- Exercise
The pictures do not belong in the copy. Restate all of the records word for word.

[Data records]
○ ○ ○ ○ ○

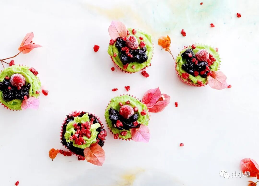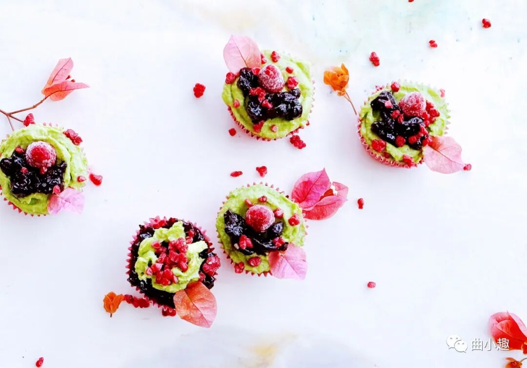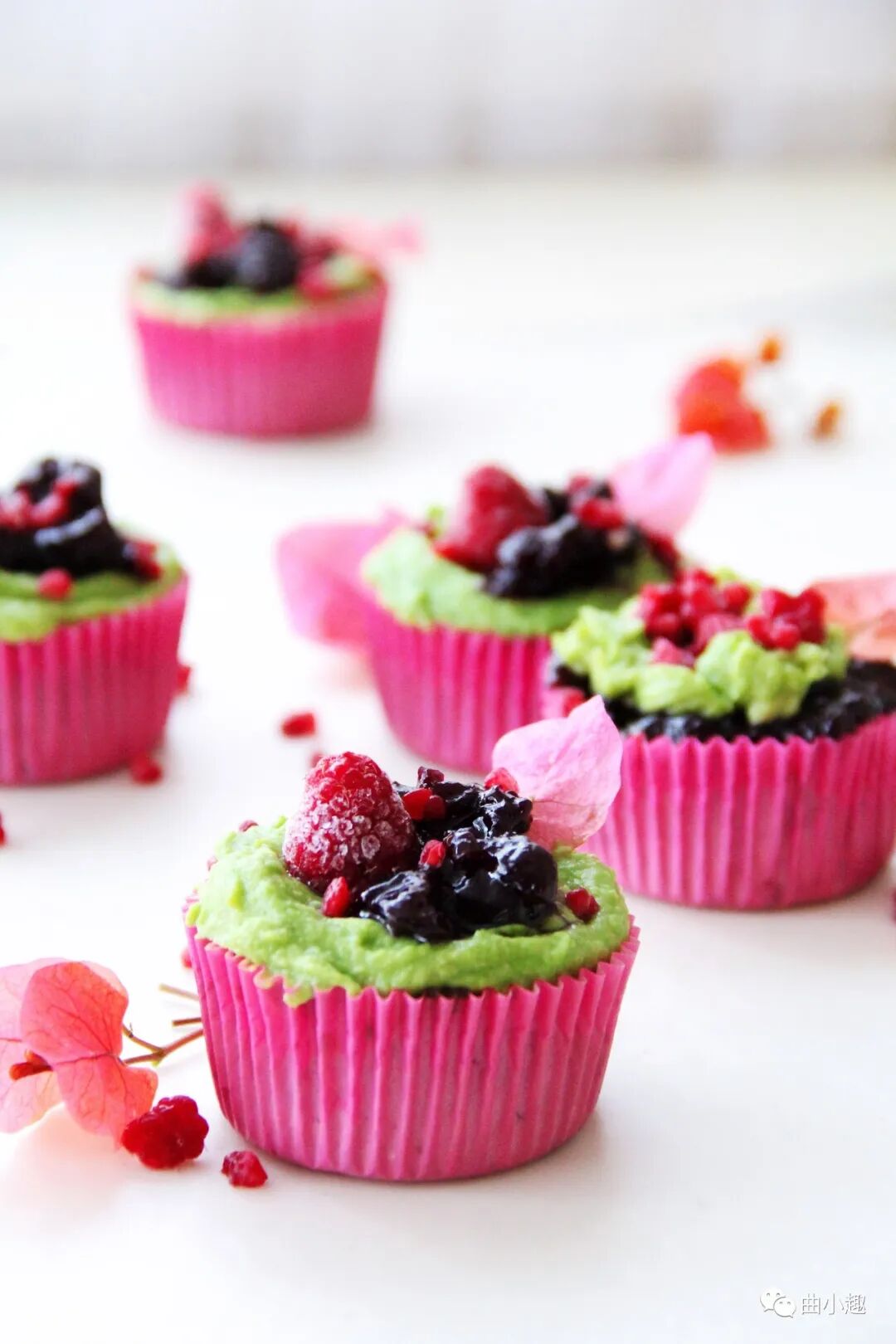 取出玛芬,顶部抹上一层牛油果,再涂抹一层自制蓝莓酱(制作过程参照文末链接),撒上树莓碎,美颜美味的莓果玛芬就做好啦
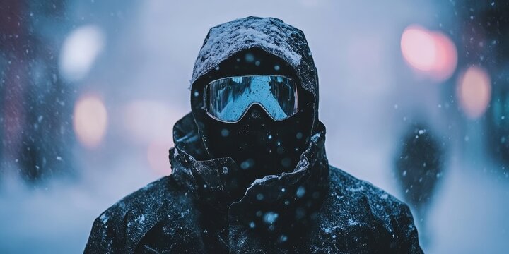 Stylish snowboarder wearing mirrored goggles, enjoying winter in a snowy landscape close up.
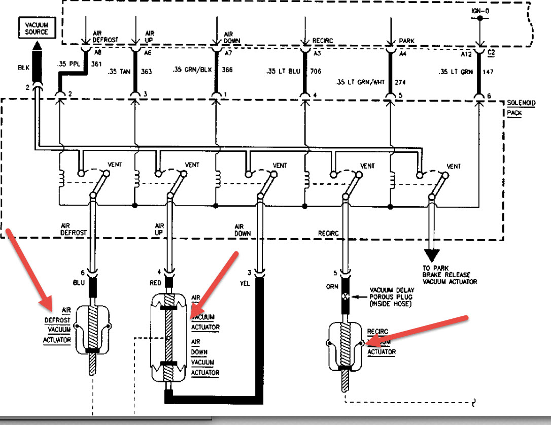I have no air pushing from my front vents, nothing from defroster or floor blowers either. The rear/center console blows air though.
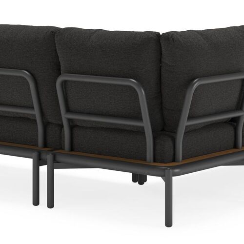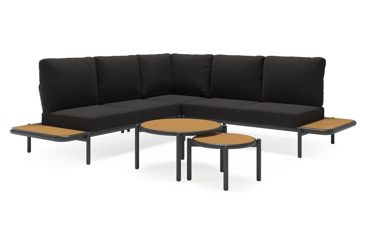 Ervaar ultiem comfort en moderne elegantie met deze stijlvolle Pulo lounge. Het frame van gepoedercoat aluminium met afgeronde vormen en slanke, ronde poten geeft de lounge een luchtige en verfijnde uitstraling. De ingebouwde zijtafels, vervaardigd uit polywood, voegen een warme, natuurlijke toets toe en bieden een handige plek om je drankje binnen handbereik te houden. De loungekussens zijn inbegrepen en gemaakt uit Weather+ Softtouch. Deze kussens hebben een olefin stof waardoor ze zacht aanvoelen en vuilafstotend zijn. Weather+ Softtouch kussens zijn beperkt waterafstotend en hebben één laag standaard schuimkussen in een waterbestendige binnenhoes. In de winter of bij langdurige regen bewaar je de kussens best binnen.
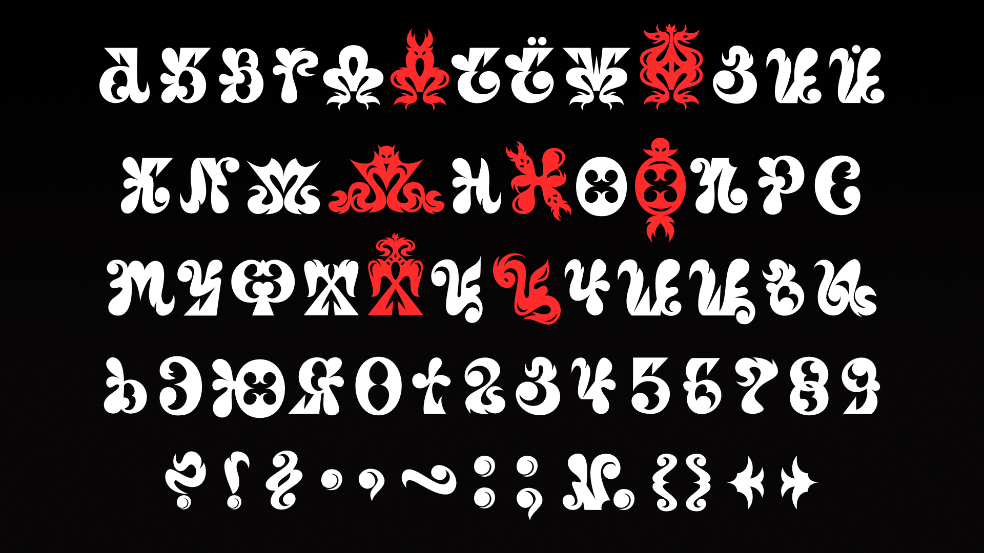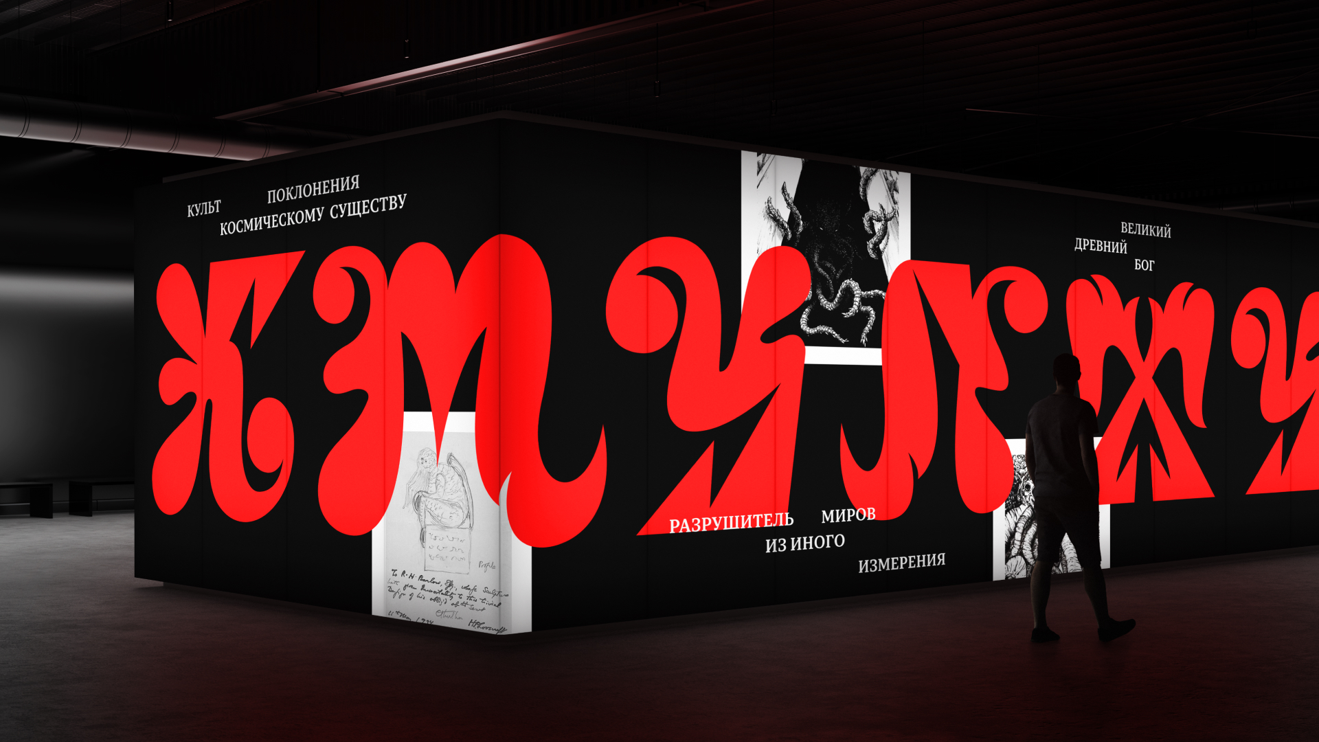 Центральным элементом проекта является специально разработанный шрифт, вдохновленный лавкрафтскими ужасами и его литературными персонажами. За каждым символом и буквой скрывается тайна неизведанного мира, побуждая зрителя задуматься о границах восприятия и открывать врата к загадочным, древним мирам. Также к шрифту были разработаны специальные буквы-монстры, которые добавляют ему загадочности и разнообразия. У каких-то букв появляются щупальца, у каких-то — рога и лапы, у других — крылья и хвосты.

○ ○ ○ ○ ○

- Task output
 取出玛芬,顶部抹上一层牛油果,再涂抹一层自制蓝莓酱(制作过程参照文末链接),撒上树莓碎,美颜美味的莓果玛芬就做好啦
 Stylish snowboarder wearing mirrored goggles, enjoying winter in a snowy landscape close up.
I have no air pushing from my front vents, nothing from defroster or floor blowers either. The rear/center console blows air though.
 Ervaar ultiem comfort en moderne elegantie met deze stijlvolle Pulo lounge. Het frame van gepoedercoat aluminium met afgeronde vormen en slanke, ronde poten geeft de lounge een luchtige en verfijnde uitstraling. De ingebouwde zijtafels, vervaardigd uit polywood, voegen een warme, natuurlijke toets toe en bieden een handige plek om je drankje binnen handbereik te houden. De loungekussens zijn inbegrepen en gemaakt uit Weather+ Softtouch. Deze kussens hebben een olefin stof waardoor ze zacht aanvoelen en vuilafstotend zijn. Weather+ Softtouch kussens zijn beperkt waterafstotend en hebben één laag standaard schuimkussen in een waterbestendige binnenhoes. In de winter of bij langdurige regen bewaar je de kussens best binnen.
 Центральным элементом проекта является специально разработанный шрифт, вдохновленный лавкрафтскими ужасами и его литературными персонажами. За каждым символом и буквой скрывается тайна неизведанного мира, побуждая зрителя задуматься о границах восприятия и открывать врата к загадочным, древним мирам. Также к шрифту были разработаны специальные буквы-монстры, которые добавляют ему загадочности и разнообразия. У каких-то букв появляются щупальца, у каких-то — рога и лапы, у других — крылья и хвосты.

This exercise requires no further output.